<<<<

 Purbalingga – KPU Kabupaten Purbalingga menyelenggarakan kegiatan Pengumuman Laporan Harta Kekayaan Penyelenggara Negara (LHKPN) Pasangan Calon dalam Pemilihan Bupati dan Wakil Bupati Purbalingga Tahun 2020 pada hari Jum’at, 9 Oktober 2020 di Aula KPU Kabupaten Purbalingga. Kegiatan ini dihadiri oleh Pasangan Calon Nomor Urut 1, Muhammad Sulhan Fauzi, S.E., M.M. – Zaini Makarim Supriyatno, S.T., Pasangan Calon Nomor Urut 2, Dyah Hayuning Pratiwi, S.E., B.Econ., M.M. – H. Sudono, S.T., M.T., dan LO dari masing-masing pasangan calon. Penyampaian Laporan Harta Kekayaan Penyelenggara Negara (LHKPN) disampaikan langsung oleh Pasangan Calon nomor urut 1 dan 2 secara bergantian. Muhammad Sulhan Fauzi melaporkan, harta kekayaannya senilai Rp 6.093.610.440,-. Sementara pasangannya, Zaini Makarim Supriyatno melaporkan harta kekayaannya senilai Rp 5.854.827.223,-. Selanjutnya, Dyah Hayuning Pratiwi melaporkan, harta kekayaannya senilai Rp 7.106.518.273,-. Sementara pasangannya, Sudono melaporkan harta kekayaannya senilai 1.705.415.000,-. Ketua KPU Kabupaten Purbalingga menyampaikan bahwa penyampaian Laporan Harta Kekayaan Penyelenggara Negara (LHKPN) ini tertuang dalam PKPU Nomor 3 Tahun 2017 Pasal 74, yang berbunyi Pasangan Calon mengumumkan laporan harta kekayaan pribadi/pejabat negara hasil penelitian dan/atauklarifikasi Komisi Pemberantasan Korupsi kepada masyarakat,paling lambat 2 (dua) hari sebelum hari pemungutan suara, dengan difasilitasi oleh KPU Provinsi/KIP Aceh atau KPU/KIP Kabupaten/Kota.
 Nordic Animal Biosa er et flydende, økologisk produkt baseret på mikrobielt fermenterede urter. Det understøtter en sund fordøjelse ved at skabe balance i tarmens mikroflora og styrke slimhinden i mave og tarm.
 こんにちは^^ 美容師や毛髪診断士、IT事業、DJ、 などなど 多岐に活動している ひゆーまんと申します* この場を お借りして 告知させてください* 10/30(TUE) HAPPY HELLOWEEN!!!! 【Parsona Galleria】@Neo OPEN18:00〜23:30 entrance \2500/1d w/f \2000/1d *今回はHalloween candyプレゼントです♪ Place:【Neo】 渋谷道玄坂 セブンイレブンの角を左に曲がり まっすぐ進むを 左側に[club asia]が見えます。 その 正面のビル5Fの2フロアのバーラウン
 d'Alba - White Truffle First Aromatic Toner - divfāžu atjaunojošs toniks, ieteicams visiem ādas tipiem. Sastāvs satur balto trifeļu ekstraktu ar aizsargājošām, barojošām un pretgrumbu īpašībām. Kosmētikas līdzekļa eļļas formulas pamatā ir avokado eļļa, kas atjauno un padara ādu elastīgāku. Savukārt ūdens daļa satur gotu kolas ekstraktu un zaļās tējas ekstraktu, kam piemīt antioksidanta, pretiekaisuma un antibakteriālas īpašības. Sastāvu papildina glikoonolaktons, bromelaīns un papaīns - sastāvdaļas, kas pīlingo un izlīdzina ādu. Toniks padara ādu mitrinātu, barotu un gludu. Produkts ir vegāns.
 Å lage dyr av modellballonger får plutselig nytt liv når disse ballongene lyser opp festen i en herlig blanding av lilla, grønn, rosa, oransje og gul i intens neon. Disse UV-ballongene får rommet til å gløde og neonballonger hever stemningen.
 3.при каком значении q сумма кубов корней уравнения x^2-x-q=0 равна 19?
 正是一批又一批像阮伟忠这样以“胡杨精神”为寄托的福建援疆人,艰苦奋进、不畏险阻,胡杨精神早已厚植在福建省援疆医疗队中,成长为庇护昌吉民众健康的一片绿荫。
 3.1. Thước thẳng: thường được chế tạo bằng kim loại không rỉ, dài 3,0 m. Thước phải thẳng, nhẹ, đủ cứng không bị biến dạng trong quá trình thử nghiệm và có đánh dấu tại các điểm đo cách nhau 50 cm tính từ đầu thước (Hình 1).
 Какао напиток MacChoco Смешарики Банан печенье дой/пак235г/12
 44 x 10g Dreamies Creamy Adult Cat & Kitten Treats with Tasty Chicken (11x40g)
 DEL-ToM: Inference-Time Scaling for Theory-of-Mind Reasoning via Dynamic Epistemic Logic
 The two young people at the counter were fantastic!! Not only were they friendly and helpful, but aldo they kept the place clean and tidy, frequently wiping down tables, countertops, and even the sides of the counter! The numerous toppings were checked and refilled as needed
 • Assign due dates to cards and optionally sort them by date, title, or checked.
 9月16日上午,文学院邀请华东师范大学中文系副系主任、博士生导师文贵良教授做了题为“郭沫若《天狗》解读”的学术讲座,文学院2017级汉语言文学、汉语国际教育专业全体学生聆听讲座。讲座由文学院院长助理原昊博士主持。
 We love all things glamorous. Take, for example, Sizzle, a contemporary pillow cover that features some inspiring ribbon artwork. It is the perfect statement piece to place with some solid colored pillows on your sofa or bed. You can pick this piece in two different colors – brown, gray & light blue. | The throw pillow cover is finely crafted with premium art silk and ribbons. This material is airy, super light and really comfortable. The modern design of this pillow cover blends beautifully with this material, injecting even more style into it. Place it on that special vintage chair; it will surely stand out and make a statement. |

>>>>

§ WHAT IS BEING ASKED: Each line of the data that holds the word "with" should be copied.

§ TASK RESPONSE:
 44 x 10g Dreamies Creamy Adult Cat & Kitten Treats with Tasty Chicken (11x40g)
 We love all things glamorous. Take, for example, Sizzle, a contemporary pillow cover that features some inspiring ribbon artwork. It is the perfect statement piece to place with some solid colored pillows on your sofa or bed. You can pick this piece in two different colors – brown, gray & light blue. | The throw pillow cover is finely crafted with premium art silk and ribbons. This material is airy, super light and really comfortable. The modern design of this pillow cover blends beautifully with this material, injecting even more style into it. Place it on that special vintage chair; it will surely stand out and make a statement. |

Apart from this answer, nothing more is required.